FIG. 1 shows a block diagram of a conventional battery charging circuit 100. As shown in FIG. 1, the battery charging circuit 100 is implemented by an adapter 102, a pulse width modulation controller 108, a charger controller 110, and a battery protection circuit (not shown) in the battery pack 104. The adapter 102 outputs a fixed voltage, and a charger 106 (shown as the pulse width modulation controller 108 and the charger controller 110) steps down the output voltage of the adapter 102 by controlling power switches and a buck converter in block 112. Consequently, conventional battery charging circuits can be relatively large and costly.
FIG. 2 shows a block diagram of another conventional charging circuit 200. The charging circuit 200 includes a controllable adapter 202 and an external control chip shown as a charger controller 210. The external control chip (charger controller 210) controls an output power of the controllable adapter 202 according to a current/voltage of the battery pack 204. As shown in FIG. 2, the charging circuit 200 also needs an extra switch 212 to control a charging current of the battery pack 204. As a result, such battery charging circuits are also relatively large and costly.
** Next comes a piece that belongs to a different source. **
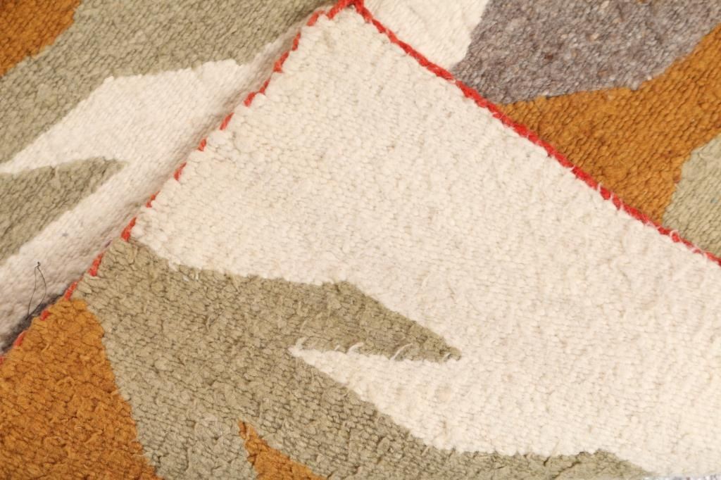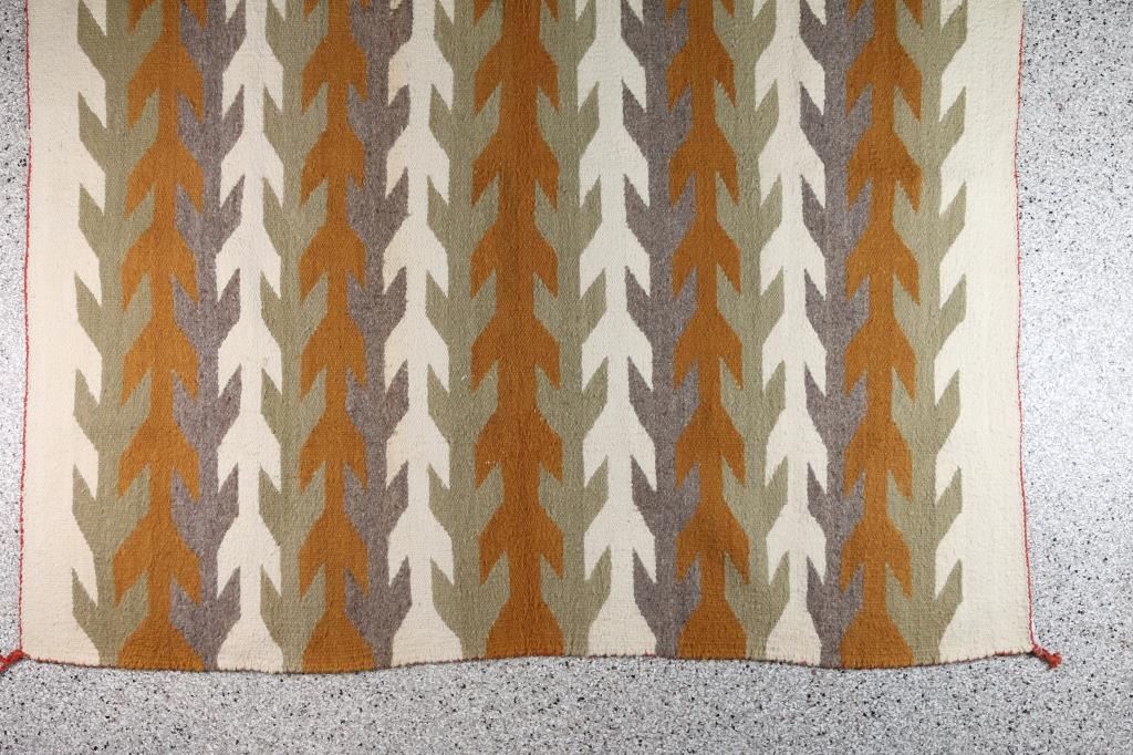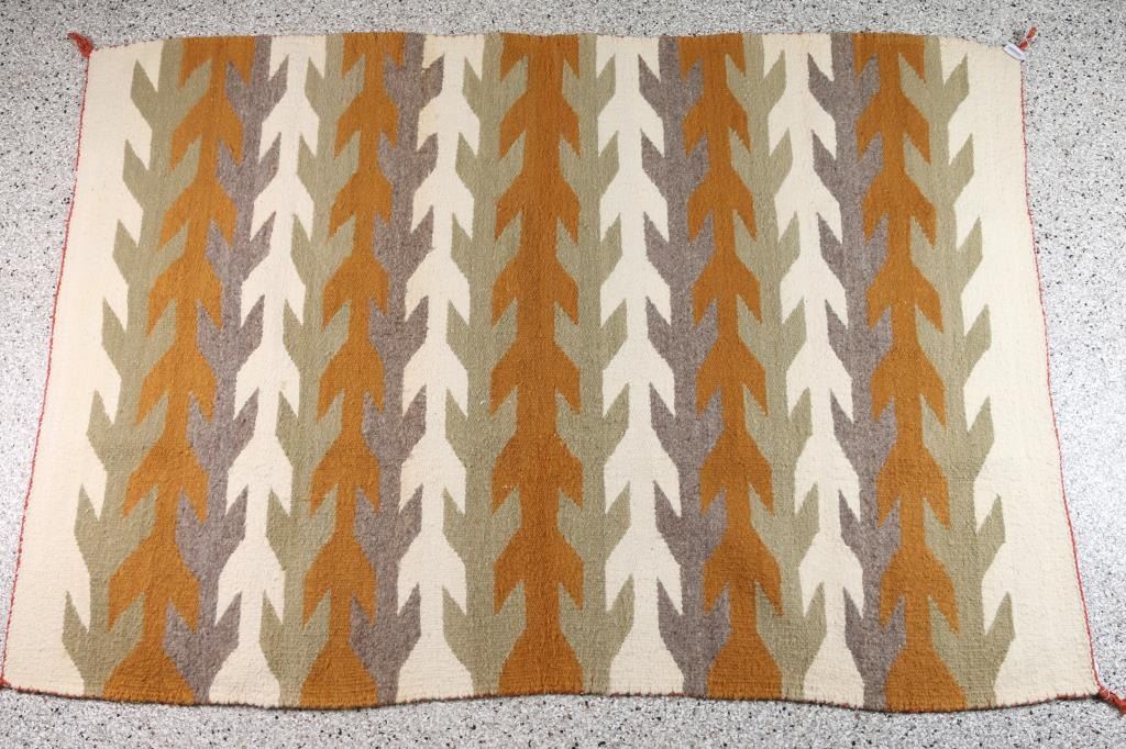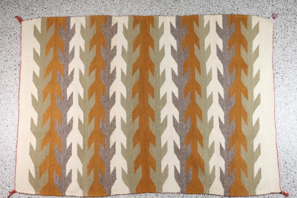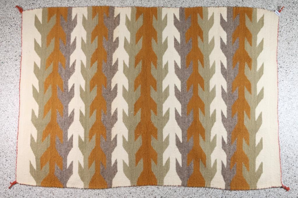 In sage green, grey, mustard. Measures 68" x 47". Condition is overall good. Very minor staining to white in one area.

Furthermore, in conventional charging circuits, due to unbalancing issues (e.g., cells in the battery pack may have different voltages/capacities), some cells may reach an over-voltage condition even though others have not yet been fully charged. Although a cell balancing circuit can be used to relieve cells from such unbalancing issues, cell balancing is typically enabled only when the battery is nearly fully charged, in order to avoid excessive heat generation. As a result of the limited balancing time, the cell balancing circuit may not be effective. In other words, the charging process is not accurate enough across all of the cells.